Community college administrators of some large state systems have been boasting that their state’s largest graduate school of education is their colleges, because teachers in the field are using them more widely for courses that maintain their certification than getting those courses from universities. Cost and convenience are obvious reasons. The director of a community college foundation in Florida told me four decades ago that almost two-thirds of the classroom teachers then on the job had started college in the community colleges. It was probably no coincidence but that was about the time he was elected to the Legislature and Florida empowered all of its community colleges to provide bachelor degrees in education. Imagine a whole crop of classroom teachers starting out unencumbered by a university mindset! Part of that mindset, of course, is taking students for granted. That’s what universities have always done. Community colleges are advantaged in knowing they can’t afford that bad habit.
Adding these patterns together easily explains how and why a community college movement has grown into the third revolution of American higher education. The first was the magnificent Land-Grants, which brought every State a new college of engineering, while it elevated agricultural science into a national priority that would turn the American breadbasket into the most productive in the world, guided by the widely dispersed, qualified advisors at the grassroots popularly known as “county agents.” Both Dr. Bonny Frank (my wife) and I shared the great pleasure this month of serving as discussion leaders for an in-service day of forums that was the formal beginning of the 2015-16 college year for faculty and staff of Garden City College in Kansas. Billed as “LEGENDS … LEGACY,” the program also featured several civic leaders who were movers and shakers in both Garden City and the state. While leading the morning forum on “The Meaning of Community Colleges to the American Dream,” I chose the linchpin theme, as already outlined.
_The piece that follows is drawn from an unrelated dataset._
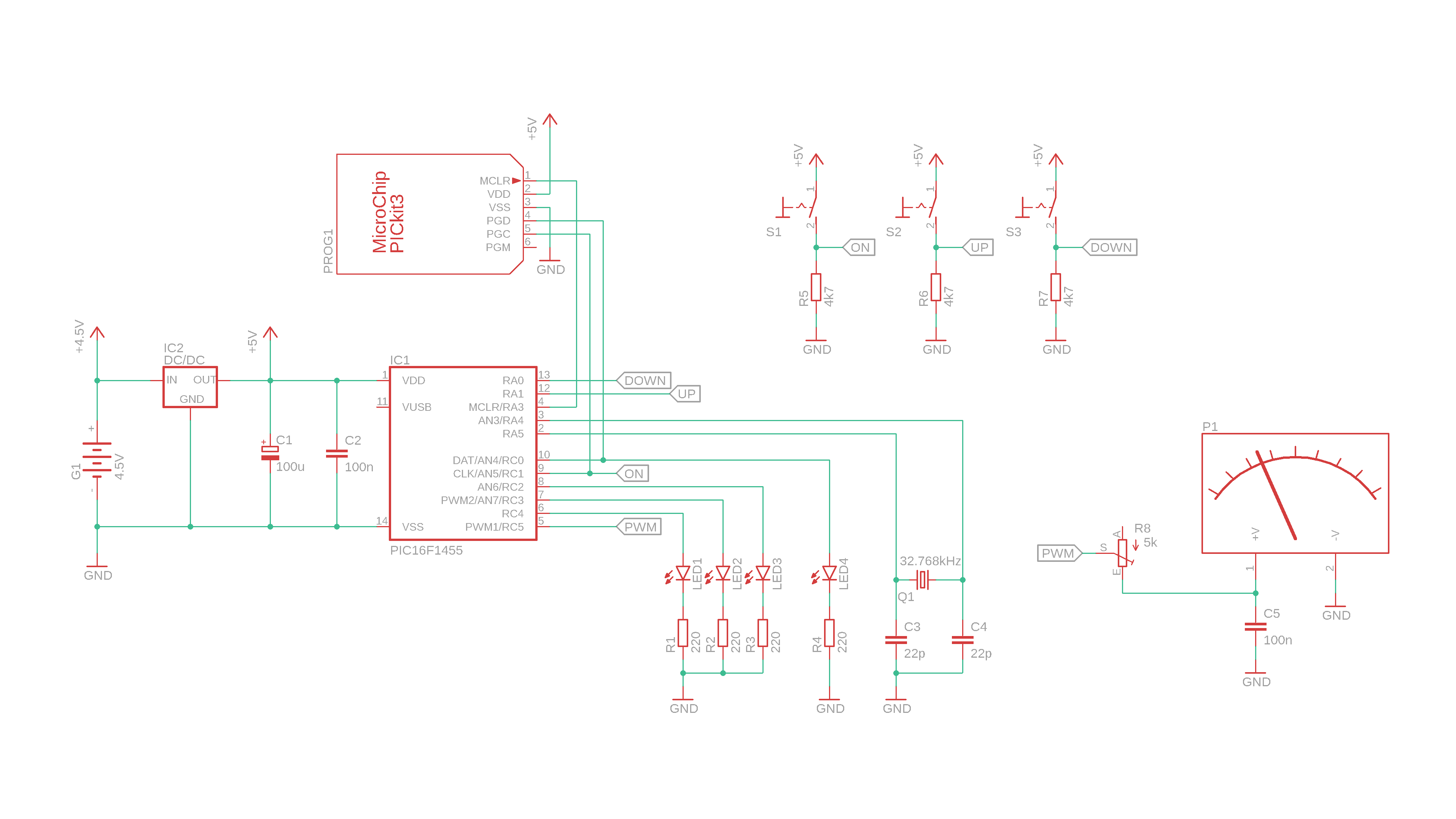 The PIC16F1455 microcontroller is in charge of everything. It controls the four LEDs, reads the status of the three pushbuttons, and it uses the 32.768kHz crystal here to create a 1-second timebase so it can work as a clock. It also outputs a pulse-width modulation signal here that we feed to the panel meter.

Dr. Bonny Franke has become a busy author since leaving her long and varied career in community and technical college administration spanning the field on three levels — campus, state system, and large multi-campus service with the Dallas County CCD. Featured in the afternoon forum, she shared insights from her intense and continuing study of “Leadership,” soon to go to press as her fourth book. All in all, it was a day in which our understanding of public service was enriched as much or more than the audience’s.
Such is the reward of a visit to Garden City. GCCC President Herb Swender, in vigorous collaboration with his board of trustees, orchestrates a partnership between community and college that radiates their very name. Their Garden is a veritable rural Camelot. It’s a prime example of the benefits both economic and cultural that a quality community college spreads in rural America. As the heart of rural America, Kansas has 19 community colleges, roughly one for every five counties, putting college access at less than an hour’s drive for every Kansan. Kansas also showcases the upward mobility that Pell Grants bring to rural America. Rural America benefits from Pell as much as the urban centers.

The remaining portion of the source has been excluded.